Only when $\epsilon$ is smaller than 2 and the gains of the two NLAs are smaller than the maximum value can we obtain the maximum value of the gain $g_{\rm max}$ given by $$\begin{alignat}{1} \!\!\!\!\!g_{1}^{\rm max}=\,&g_{2}^{\rm max}\\ \!\!\!\!\!=\,&\sqrt{\frac{\epsilon[T(\epsilon-2)+2] -2\sqrt{\epsilon[T(\epsilon-2)+2]}}{T\epsilon(\epsilon-2)}}.~~ \tag {13} \end{alignat} $$ The function of $g_{\rm max}$ has been plotted, as shown in Fig. 3, which is valuable for us to find the optimal parameter $g$ according to the values of loss and excess noise.[29] It is clear that under the same channel lossy, decreasing the channel noise would improve the maximum amplification gain $g_{\rm max}$. What is more, when the gain $g$ is too high, the excess noise $\epsilon$ and transmittance $T$ would be increased accordingly, which will bring about the negative effect of the secret key rate and the maximum transmission distance. We can obtain the final secret key rate with NLA $K_{\rm NLA}$ via multiplying the secret key rate for successful amplifications $K(\zeta,\eta,\epsilon^{g})$ by the probability of success $P_{\rm ss}$.[22] The theoretical bound of the probability of success $P_{\rm ss}$ denoted as $1/g^{2}$ has been discussed.[30] Afterwards, the secret key rate $K_{\rm NLA}$ of the four-state in the middle QKD protocol with NLAs can be derived, and $K_{\rm NLA}$ can be obtained, $$ K_{\rm NLA}=P_{\rm ss}K(\zeta,\eta,\epsilon^{g}),~~ \tag {14} $$ where the success probability $P_{\rm ss}$ for NLAs with gain $g$ is bounded by $1/g^{2}$. The precise value $P_{\rm ss}$ will depend on practical implementations, where we set its value as $1/g^{2}$ for simplify.[30] It can be notice that with the increase of the gain $g$, the probability of successful implementation of amplifier would be decreased. Figure 4 illustrates the effects of Gaussian channel excess noise $\epsilon$ on the transmission performance. It can be noticed that the excess noise has negative impacts on both transmission distance and the secret key rate.

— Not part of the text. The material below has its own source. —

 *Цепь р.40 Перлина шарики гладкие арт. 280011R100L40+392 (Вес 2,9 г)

The numeral results show that with the decrease of the excess noises, the secret key rates could be enhanced, which means that the performance of the scheme has better security, and the maximal transmission could be enhanced at the same time. Meanwhile, based on the structure of NLAs, other noise would not be produced since the noise has been discussed with $P_{\rm ss}$.
cpl-36-10-100302-fig4.png
Fig. 4. The secret key rate for the four-state in the middle CV-QKD protocol using NLAs against the transmission distance with different excess noises $\epsilon=0.2$, 0.02, 0.002, and 0.0002. In the simulations, $V=2.25$, $\beta=0.95$, $g=2$ and $P_{\rm ss}=1/g^{2}$.

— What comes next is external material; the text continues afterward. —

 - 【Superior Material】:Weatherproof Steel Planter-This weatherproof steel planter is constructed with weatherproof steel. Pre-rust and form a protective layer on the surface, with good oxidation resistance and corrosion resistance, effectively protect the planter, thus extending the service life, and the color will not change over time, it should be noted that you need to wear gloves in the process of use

The transmittance $T$ is also an unavoidable factor during the transmission over a lossy and noise channel. The transmittance $T=10^{-ad/10}$, where $a=0.2$ dB/km is the loss coefficient of the optical fibres, and $d$ is the quantum channel transmission distance.[28] In this study, we have taken into account all of two noises that may appear in our scheme. In the following we discuss the performance about the gain $g$ of NLAs.
cpl-36-10-100302-fig5.png
Fig. 5. The secret key rate for the four-state source in the middle CV-QKD protocol with ($g=1.5$, 2 and 2.5) and without ($g=1$) the NLA against the transmission distance. In the simulations, $V=2.25$, $\beta=0.95$, $\epsilon=0.02$ and $P_{\rm ss}=1/g^{2}$.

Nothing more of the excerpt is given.